Messieurs Trudel, Beaulne et Biron n’étaient pas élus et ne siégeaient pas lors de leur adhésion au PQ.
Trudel et Beaulne avaient été défaits l’année précédant leur adhésion au PQ.
M. Biron a démissionné en 1979.
Il a adhéré au PQ en 1980. Il a été élu en 1981.Un exemple que M. rebello aurait dû suivre.

Who cares? Puisque les partis sont tous égal en leur problemes, si un membre voudrais changer leur camp, ça m’est égal… je m’occupe des vrais problemes, pas ces enjeux qui ne me concerne pas.

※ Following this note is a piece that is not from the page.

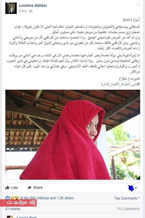 كشفت الفنانة المغربية لبنى أبيدار في تدوينة نشرتها على حسابها بموقع التواصل الإجتماعي « فسيبوك »، أن سبب غيابها يرجع لكونها تعاني من مرض وصفته بـ « الخبيت » أصابها على مستوى الحنجرة.

Comme tu sais bien déja, ton idée d’enlever une chaise est completement stupide. Mais certainment, t’as le droit se vouloir « impertinent » en lieu!

Il ne devrait pas avoir de transfert d’une parti à un autre. Les gens votent pour l’homme mais aussi pour l’orientation ou la ligne du parti. Alors un député voulant changer de parti devrait retourner voir les électeurs et aller en élection.

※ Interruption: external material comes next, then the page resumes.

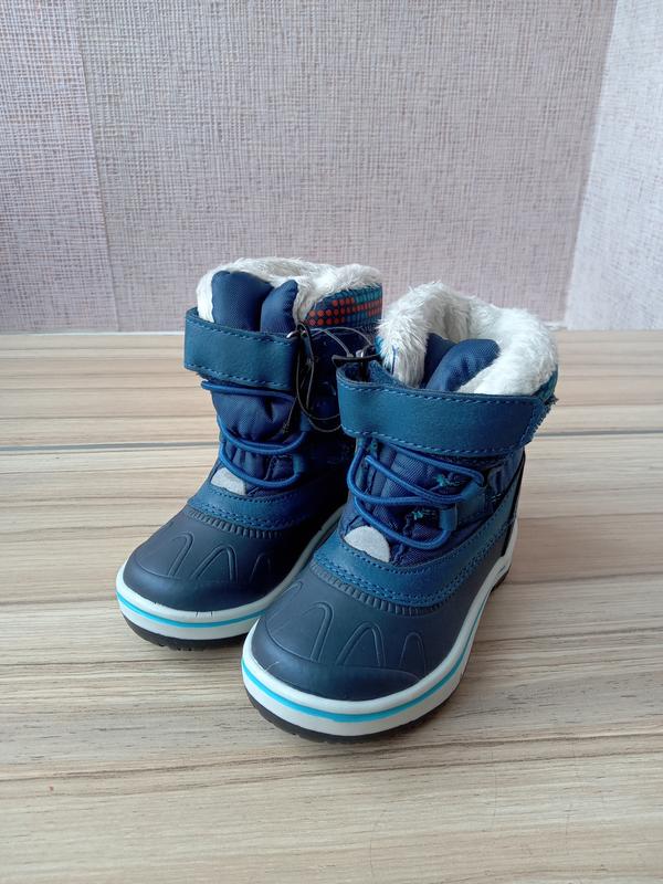 Дитячі термо чобітки, утеплені непромокаючі на липучці для хлопчика синього кольору Lupilu, Німеччина. Утеплювач – термопаралоновий. Легко взуються, зручні, яскравий синій з принтом, фіксуються на липучку, язичок цілісний на всю висоту чобітка, підйом регулюється. Повністю волого та вітронепроникні (низ і верх). Легкі за вагою. Ніжка не потіє, не промокає і не мерзне. Устілка термо, профольгована, виймається. Розмір: 20 (устілка 13.5 см) Мають маленький нюанс Ціна: 400 грн

Claude Lagueux, j’ai regardé la vidéo, faut-T-il en rire ou en pleurer ? et le 2 mai 2011 le jour ou le Québec a voter pour la moustache ?

Pour une fois je suis d’accord avec M. Lisé.

C’est definitivement une atteinte a l’integrité de la democratie.

Ce que je me demande par contre, c’est qu’elle aurait ete votre position si c’etait un membre influent de la CAQ qui aurait migré vers le PQ…

@ Constant Tinople (# 42):

« Ce que je me demande par contre, c’est qu’elle aurait ete votre position si c’etait un membre influent de la CAQ qui aurait migré vers le PQ… » (sic)

Poser la question est y répondre.

Au lieu des hauts cris et des écrits outrés, on aurait au contraire eu droit à un étalage verbeux et dégoulinants de bons sentiments, de conviction profonde envers les valeurs québécoises, de confiance et d’espoir envers les lendemains plus radieux pour la « pays », d’espoirs de prospérité et tutti quanti.

D’ailleurs, des dizaines de membres du caucus du Parti québécois viennent (et venaient, dans le temps…) tout droit des autres partis dont René Lévesque lui-même. Oui Madame!

Étainet-ils tous des traîtres pour autant?